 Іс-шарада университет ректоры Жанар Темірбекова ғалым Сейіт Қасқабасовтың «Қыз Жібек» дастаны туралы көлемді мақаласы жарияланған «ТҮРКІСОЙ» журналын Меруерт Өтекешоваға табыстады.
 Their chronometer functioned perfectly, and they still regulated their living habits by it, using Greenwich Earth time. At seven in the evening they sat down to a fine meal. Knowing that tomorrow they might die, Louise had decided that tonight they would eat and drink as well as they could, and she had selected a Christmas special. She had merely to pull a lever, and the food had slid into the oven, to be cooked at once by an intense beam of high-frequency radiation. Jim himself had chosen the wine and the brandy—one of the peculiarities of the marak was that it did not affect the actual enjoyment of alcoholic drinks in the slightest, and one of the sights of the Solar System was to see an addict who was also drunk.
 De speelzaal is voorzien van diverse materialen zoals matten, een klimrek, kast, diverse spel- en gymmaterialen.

= = = = =

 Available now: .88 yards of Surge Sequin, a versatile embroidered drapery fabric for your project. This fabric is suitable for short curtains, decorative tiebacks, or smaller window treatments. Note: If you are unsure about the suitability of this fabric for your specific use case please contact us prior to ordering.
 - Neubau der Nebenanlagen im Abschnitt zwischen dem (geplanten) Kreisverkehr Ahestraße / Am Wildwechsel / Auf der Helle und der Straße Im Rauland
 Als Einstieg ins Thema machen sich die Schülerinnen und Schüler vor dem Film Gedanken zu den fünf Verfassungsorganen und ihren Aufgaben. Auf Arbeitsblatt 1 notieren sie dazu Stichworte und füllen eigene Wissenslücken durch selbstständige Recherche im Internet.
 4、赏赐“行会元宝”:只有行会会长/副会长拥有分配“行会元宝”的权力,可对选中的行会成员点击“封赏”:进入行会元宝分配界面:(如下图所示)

= = = = =

An exact copy of the lines above between the line holding "Their chronometer functioned" and the line holding "De speelzaal is", inclusive, is the whole answer.

 Their chronometer functioned perfectly, and they still regulated their living habits by it, using Greenwich Earth time. At seven in the evening they sat down to a fine meal. Knowing that tomorrow they might die, Louise had decided that tonight they would eat and drink as well as they could, and she had selected a Christmas special. She had merely to pull a lever, and the food had slid into the oven, to be cooked at once by an intense beam of high-frequency radiation. Jim himself had chosen the wine and the brandy—one of the peculiarities of the marak was that it did not affect the actual enjoyment of alcoholic drinks in the slightest, and one of the sights of the Solar System was to see an addict who was also drunk.
 De speelzaal is voorzien van diverse materialen zoals matten, een klimrek, kast, diverse spel- en gymmaterialen.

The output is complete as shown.